» Work instruction
Since only part of the material below is wanted, output exactly the lines from the one with "GranTorrent se positionne" up to and including the one with "命运线起自手腕附近直至中指根".

(Record set Opens)

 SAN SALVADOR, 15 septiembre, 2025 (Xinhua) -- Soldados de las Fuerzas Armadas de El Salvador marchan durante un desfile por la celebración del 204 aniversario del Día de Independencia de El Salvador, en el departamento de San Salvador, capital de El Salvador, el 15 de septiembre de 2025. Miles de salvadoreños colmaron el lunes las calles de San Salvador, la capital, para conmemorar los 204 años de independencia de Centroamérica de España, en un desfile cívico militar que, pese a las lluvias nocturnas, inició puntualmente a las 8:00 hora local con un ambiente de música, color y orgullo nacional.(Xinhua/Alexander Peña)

(Record set Closes)
(Record set Opens)

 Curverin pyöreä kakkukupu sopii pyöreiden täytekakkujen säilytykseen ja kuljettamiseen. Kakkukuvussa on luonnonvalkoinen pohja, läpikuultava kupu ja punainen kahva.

(Record set Closes)
(Record set Opens)

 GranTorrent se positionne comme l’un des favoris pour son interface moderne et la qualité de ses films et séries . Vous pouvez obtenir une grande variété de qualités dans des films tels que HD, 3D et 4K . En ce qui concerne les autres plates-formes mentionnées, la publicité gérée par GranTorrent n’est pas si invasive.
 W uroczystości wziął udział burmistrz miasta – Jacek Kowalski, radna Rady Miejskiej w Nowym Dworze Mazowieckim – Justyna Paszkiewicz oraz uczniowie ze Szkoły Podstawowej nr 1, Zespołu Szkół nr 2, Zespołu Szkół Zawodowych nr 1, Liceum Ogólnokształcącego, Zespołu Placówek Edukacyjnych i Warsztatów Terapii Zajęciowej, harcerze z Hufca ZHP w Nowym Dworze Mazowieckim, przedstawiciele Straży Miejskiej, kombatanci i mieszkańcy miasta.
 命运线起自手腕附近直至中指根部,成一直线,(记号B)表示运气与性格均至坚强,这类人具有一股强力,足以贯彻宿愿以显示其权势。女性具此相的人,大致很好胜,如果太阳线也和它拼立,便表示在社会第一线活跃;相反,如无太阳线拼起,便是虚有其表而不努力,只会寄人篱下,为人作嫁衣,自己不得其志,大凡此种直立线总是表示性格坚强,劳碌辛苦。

(Record set Closes)

» Exercise result
 GranTorrent se positionne comme l’un des favoris pour son interface moderne et la qualité de ses films et séries . Vous pouvez obtenir une grande variété de qualités dans des films tels que HD, 3D et 4K . En ce qui concerne les autres plates-formes mentionnées, la publicité gérée par GranTorrent n’est pas si invasive.
 W uroczystości wziął udział burmistrz miasta – Jacek Kowalski, radna Rady Miejskiej w Nowym Dworze Mazowieckim – Justyna Paszkiewicz oraz uczniowie ze Szkoły Podstawowej nr 1, Zespołu Szkół nr 2, Zespołu Szkół Zawodowych nr 1, Liceum Ogólnokształcącego, Zespołu Placówek Edukacyjnych i Warsztatów Terapii Zajęciowej, harcerze z Hufca ZHP w Nowym Dworze Mazowieckim, przedstawiciele Straży Miejskiej, kombatanci i mieszkańcy miasta.
 命运线起自手腕附近直至中指根部,成一直线,(记号B)表示运气与性格均至坚强,这类人具有一股强力,足以贯彻宿愿以显示其权势。女性具此相的人,大致很好胜,如果太阳线也和它拼立,便表示在社会第一线活跃;相反,如无太阳线拼起,便是虚有其表而不努力,只会寄人篱下,为人作嫁衣,自己不得其志,大凡此种直立线总是表示性格坚强,劳碌辛苦。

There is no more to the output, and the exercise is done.